Curvilinear mask process correction – status quo and outlook
This paper discusses the status of Curvilinear MPC (CLMPC) and gives a brief outlook into the near future of handling curvilinear mask shapes in the post tape-out flow. A summary of MRC requirements for incoming data and implications for mask inspection are included as well to put CLMPC into the right context. Further, approaches for CLMPC file size compaction along with new methods of data representation based on native curve formats are also discussed. A version of this paper was published in the Proceedings of SPIE 12472.

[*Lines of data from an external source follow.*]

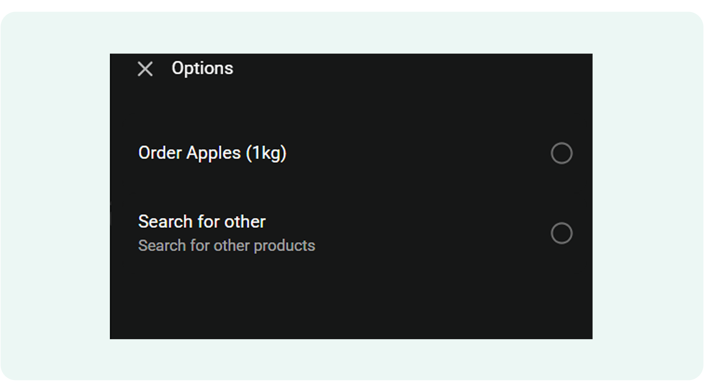 - In case the customer wants to continue with the order, they can select Order Apples or Search for Other Products.
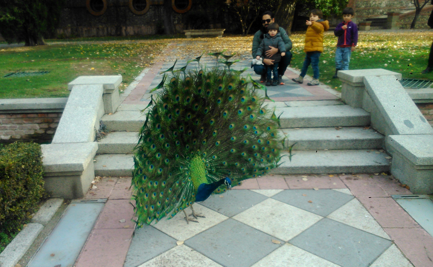 En los jardines de Cecilio Rodríguez (El Retiro) un pavo real posa para sus admiradores.
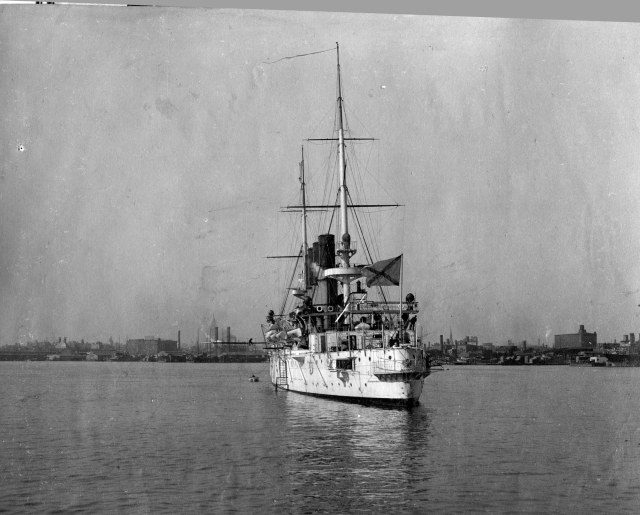 На крейсере - это шест между кормовым спонсоном и балконом.

The curvilinear post tape-out flow
The Calibre team is actively developing solutions to unlock the advantages of CL and to deal with some of the accompanying challenges. We have developed a suite of efficient mask MPC, OPC, and verification solutions that will help in the transition to curvilinear masks, whether for intrinsically curvilinear patterns needed in Silicon Photonics, or what we have “traditionally” viewed as rectilinear designs for logic or memory. The Calibre solutions include:
MRC enforcement and verification for Manhattan geometries is handled by the versatile Calibre geometrical processing engine, and that engine can also extend to curvilinear edges. The Calibre OPCVerify contour processing engine is very well suited for curvilinear MRC characterization of constraints such as minimum internal and external dimensions, minimum polygon area, and curvature.
Curvilinear data representation and volume — the Calibre software offers a variety of enabling technologies to contain the expected explosion in data volume in expressing the mask pattern with high fidelity. Data reduction technologies include geometric simplifications, Bezier and B-spline analytical curves, curvature-based fragmentation, and path methods. The Calibre team has worked with customers and industry consortium SEMI to establish new standards for curvilinear data representation.
Curvilinear shape processing fidelity and runtime — the Calibre team continuously improves the robustness of the core processing algorithms to efficiently process higher edge counts and skew edges with maximum efficiency and fidelity.